14:00-15:15 pm, 2019/5/7 (Tuesday)

Venue:

Room 619, Teaching A

Speaker:

Dr. Xi Li?(City University of Hong Kong)

Abstract: Collection and usage of consumers’ purchase history data for behavior-based pricing (BBP) is a prevalent practice for firms and a worldwide concern for consumers. Extant research has examined BBP under the assumption that consumers observe whether firms practice BBP. However, consumers are often unaware of how firms collect and use their data. In addition, advances in information technology have reduced firms’ cost of implementing BBP, which would seem to benefit them. We find that when consumers do not observe whether a firm practices BBP, the cost of implementing BBP has a non-monotone impact on firm profit, consumer surplus, and social welfare. Thus, reduction in the cost of implementing BBP can be detrimental to firms and beneficial to consumers. In particular, when the cost is low, a firm cannot help practicing BBP even though BBP is a dominated strategy when consumers observe it.
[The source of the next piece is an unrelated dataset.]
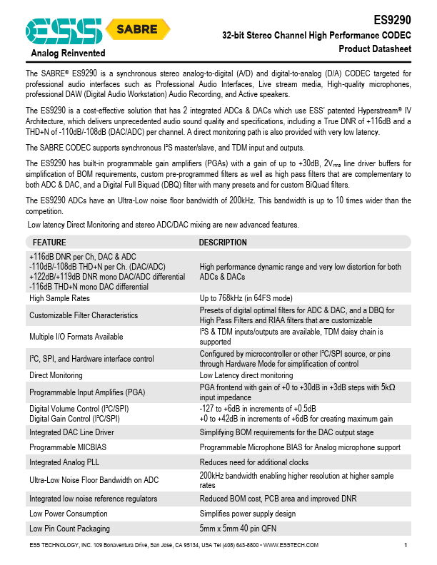 The SABRE® ES9290 is a synchronous stereo analog-to-digital (A/D) and digital-to-analog (D/A) CODEC targeted for professional audio interfaces such as Professional Audio Interfaces, Live stream media, High-quality microphones, professional DAW (Digital Audio Workstation) Audio Recording, and Active speakers.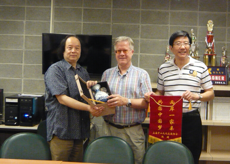 (民革taptap点点支部主委叶国辉教授代表参访团向台湾东海大学互赠礼品)

When the cost is moderate, the firm does not use BBP; however, it must distort its first-period price downward to convince consumers of its choice, which causes the profit without BBP to be lower than the profit with BBP. A high cost of implementing BBP serves as a commitment device that the firm will forfeit BBP, thereby improving firm profit. We also find that a firm’s ability to offer personalized enhanced service may decrease its profit. Moreover, consumer advocates call for regulations that mandate that firms disclose collection and usage of consumer data. However, it is unclear how such regulations might affect firms and consumers. By comparing regimes in which consumers observe and do not observe whether a firm practices BBP, we find that transparency of BBP increases firm profit but decreases consumer surplus and social welfare. Therefore, commanding firms to disclose collection and usage of consumer data could lead to unintended consequences.